JACKSON -- A natural depression in a subdivision development called Savannah Woods would have made a good stormwater detention basin. In heavy rains, water would have gathered in the basin instead of running downhill and taking topsoil with it.
But the City of Jackson does not have a stormwater detention ordinance, and the developer is using the land for other purposes. Meanwhile, silt from the subdivision has flowed downhill after rains, robbing the land of some of its topsoil and causing friction with a neighboring developer.
This is a microcosm of a scenario occurring on a bigger scale. Though many other factors are outside Jackson's control, the lack of stormwater detention in the city is contributing to the instability of the Hubble Creek watershed. And erosion along Hubble Creek is threatening county bridges and making farmland disappear.
These are some of the problems the City of Jackson hopes to help curtail with a proposed stormwater detention ordinance expected to be in place within 60 days.
The city is developing its ordinance with the City of Cape Girardeau and Cape Girardeau County so that developers will find consistency wherever they decide to build. Cape Girardeau is modifying its existing stormwater detention ordinance, while the county is working on an ordinance that may take a while longer to complete. With building season at full throttle, Jackson officials don't want to wait.
The city has long needed such an ordinance, Public Works Director Jim Roach maintains. Without an ordinance to control stormwater, the city's existing erosion control ordinance has limited effect, he says.
"The (primary) transport medium for soil is water," he said.
The goal of the ordinance is to make the rate of stormwater runoff after development the same as the rate of runoff before development. This can be accomplished by building basins that are dry most of the time but act as holding ponds during storms, preventing the action of the water from moving soil.
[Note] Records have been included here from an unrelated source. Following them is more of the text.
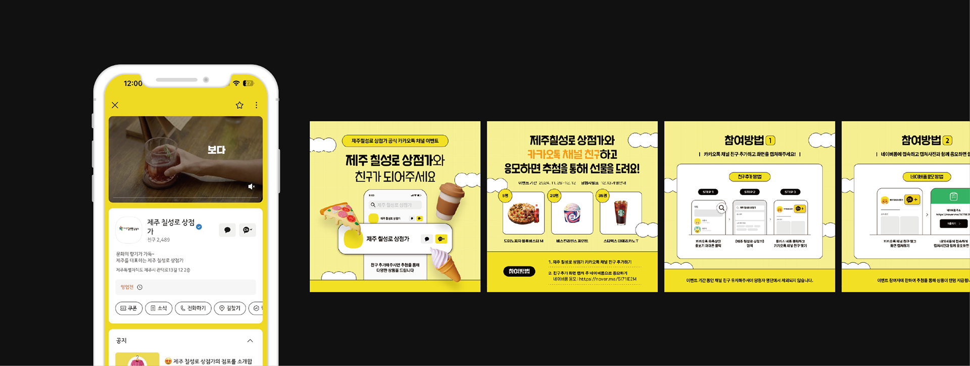 지역 상권의 디지털 전환을 지원하는 ‘카카오 단골거리’ 사업의 일환으로, 제주 대표 상권인 칠성로 상점가의 카카오톡 채널 인지도 향상 및 이용자 확대를 위한 온라인 이벤트를 운영했습니다.
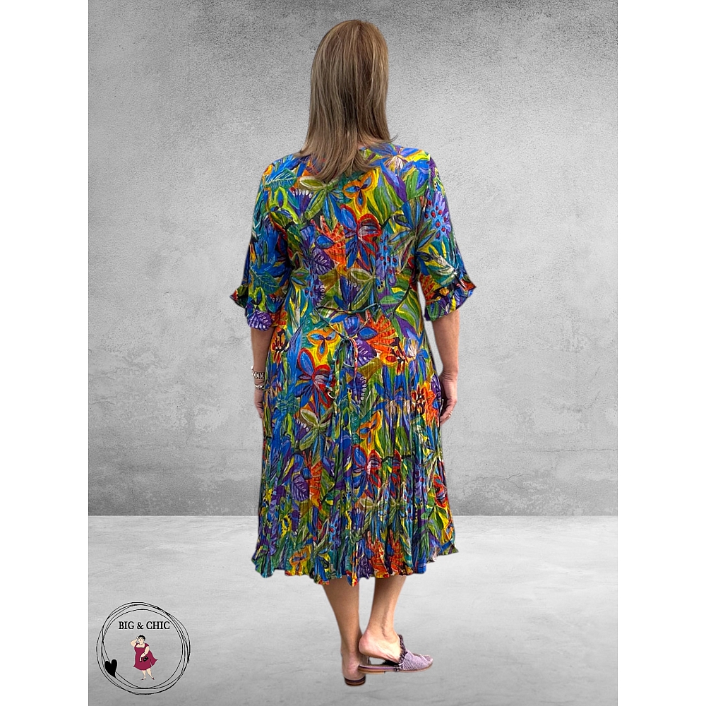 De prachtige botanische print in tinten blauw, rood, groen, oranje en geel geeft de jurk een frisse en levendige uitstraling — perfect voor zonnige dagen.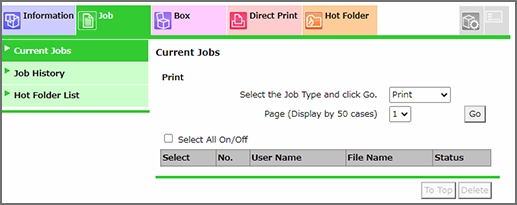 [Seleccione el tipo de trabajo y haga clic en Ir.] | Selecciona el tipo de tarea visualizada de la lista del menú. Es posible seleccionar el deseado entre estas opciones.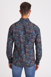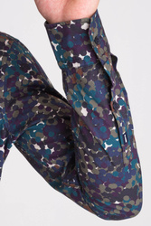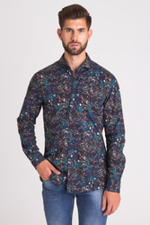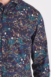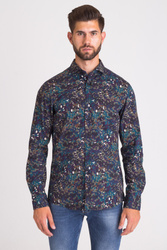 Wielokolorowa koszula męska wykonana z bawełny. Całość pokryta wzorem moro w odcieniach granatu, fioletu i czarnego. Kołnierzyk typu włoskiego. Zapinana na czarne guziki z logo marki. Ścięte mankiety, zapinane na jeden guzik.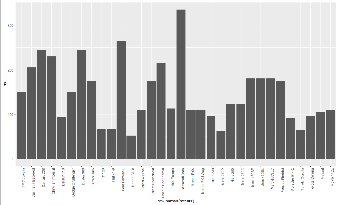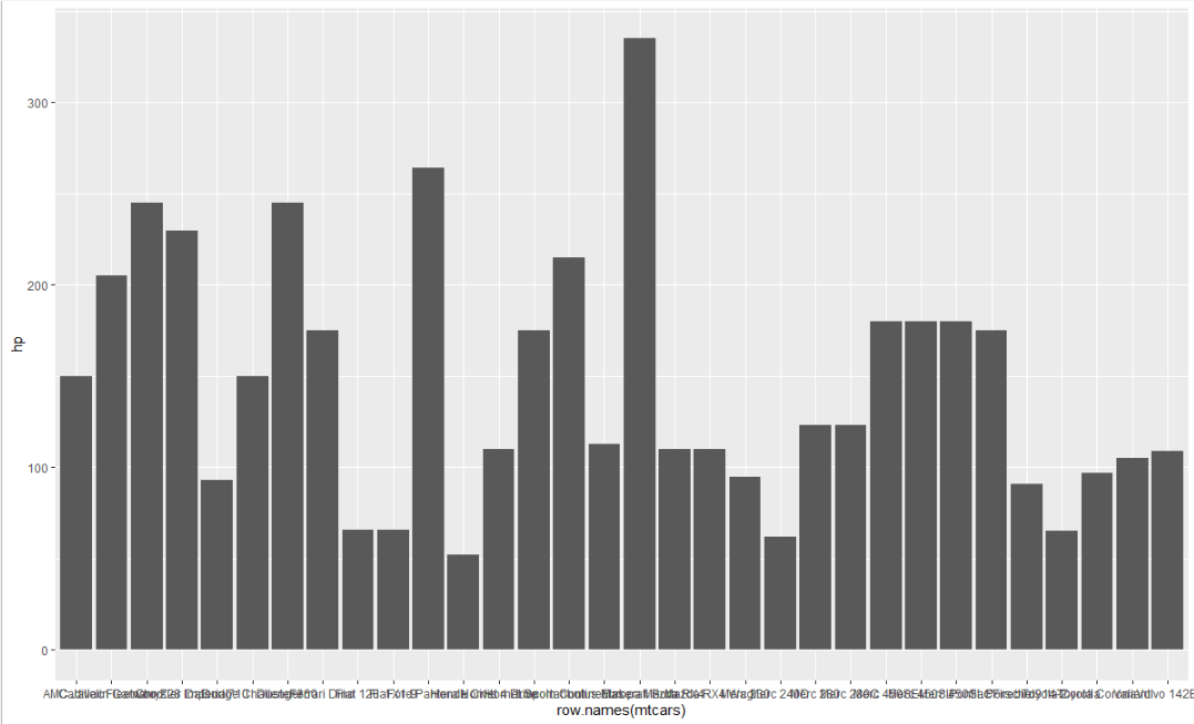32종류의 자동차 정보입니다. x축을 자동차 종류, y축을 hp 로 하여 막대 그래프를 그리면 아래와 같습니다. stat 을 identity 로 설정해야 막대그래프가 그려집니다.

The latest draft of Jackson's stormwater detention ordinance requires an erosion and sediment control plan for any land-disturbing activity involving at least one acre. The plan must include maps identifying soils, forest cover and protected resources, a construction sequence plan, measures to control erosion and sediment, a plan for seeding, sodding, fertilizing and mulching and provisions for maintaining the control facilities.
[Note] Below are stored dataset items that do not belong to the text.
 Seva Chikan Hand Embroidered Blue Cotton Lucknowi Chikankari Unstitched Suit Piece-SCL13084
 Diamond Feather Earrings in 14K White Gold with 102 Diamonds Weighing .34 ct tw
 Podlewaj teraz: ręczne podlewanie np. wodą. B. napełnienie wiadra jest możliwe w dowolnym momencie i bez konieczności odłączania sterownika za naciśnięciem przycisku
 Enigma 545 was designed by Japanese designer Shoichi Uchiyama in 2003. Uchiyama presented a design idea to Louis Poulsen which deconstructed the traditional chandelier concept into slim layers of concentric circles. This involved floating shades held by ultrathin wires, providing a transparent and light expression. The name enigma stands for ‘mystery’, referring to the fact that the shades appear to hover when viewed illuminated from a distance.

Last week, Jackson developer John Lichtenegger complained to the Jackson Board of Aldermen about silt coming onto his The Woods subdivision from Stacy Mansfield's Savannah Ridge development. Jackson city workers came to the site and cleared mud from drains in the street. They found a log in an inlet box on Mansfield's land.
Though Lichtenegger claims some trees may have been permanently damaged by the silt, Roach says the amount of silt from Savannah Ridge is relatively minor. But, he said, "if we would have had control from the start, the runoff wouldn't have had any impact."
Mansfield is meeting the requirements of the city's erosion control ordinance, Roach says. That ordinance also requires an erosion and sediment control plan. The developer must provide a drainage plan and take temporary erosion control steps such as erecting silt traps or placing straw bales. These are to be maintained until a vegetative cover is established. The ordinance calls for permanent grasses to be planted as soon as possible after natural vegetation is removed.
Mansfield says it's impossible to stop all siltation when you're moving as much earth as he did at Savannah Ridge.
"John built his subdivision in a valley that has been there many years," he said. "When we build Lacey Street (a future project), all his sediment is going to be running onto me."
Roach says the ordinance can't prevent erosion without a complementary stormwater detention ordinance.
He says some of Lichtenegger's silt problems are due to his own practices, such as leaving downed trees that stop the silt from flowing on through. Lichtenegger says his downed trees are preventing the silt from getting into the street and the storm drainage system. "That's a blessing.... I don't want any silt passing on through my subdivision. I want the erosion to be controlled."
The infrastructure costs of building detention basins are minimal, Roach says. "I envision them as neighborhood parks, grassy areas that can be contoured and can be designed right into the development."
The longer the city does not have an ordinance, the more developments that lack detention basins will be platted. If platted before the ordinance is passed, the city has no power to make a developer alter the plan.
The city suggested that Mansfield put a stormwater detention basin in Savannah Ridge, but that occurred after it was platted and after construction began, he says. Mansfield says the basin would have cost him 20 lots because of the way the development was designed.
"The plat was approved the way it is. It didn't feel fair to come down on me," he said.
Mansfield is not sure detention basins are the best method of handling stormwater. He calls them "potholes" and says large upstream retention basins may be preferable. Another problem he foresees is deciding who would be required to maintain the basins.
"All those issues have to be addressed before we start plopping them in the ground," he said. "And you do lose some lots."
Lichtenegger is in favor in detention basins.
Silt deposits are short-term problems, Roach said, but the long-term effect of not being able to control stormwater runoff is erosion and flooding.
"Once grass is established, they're going to end up with an erosion problem, not a sediment problem," he said.
And when storms do come to Savannah Ridge and The Woods, the runoff eventually will find its way below to the creek that feeds troubled Hubble Creek.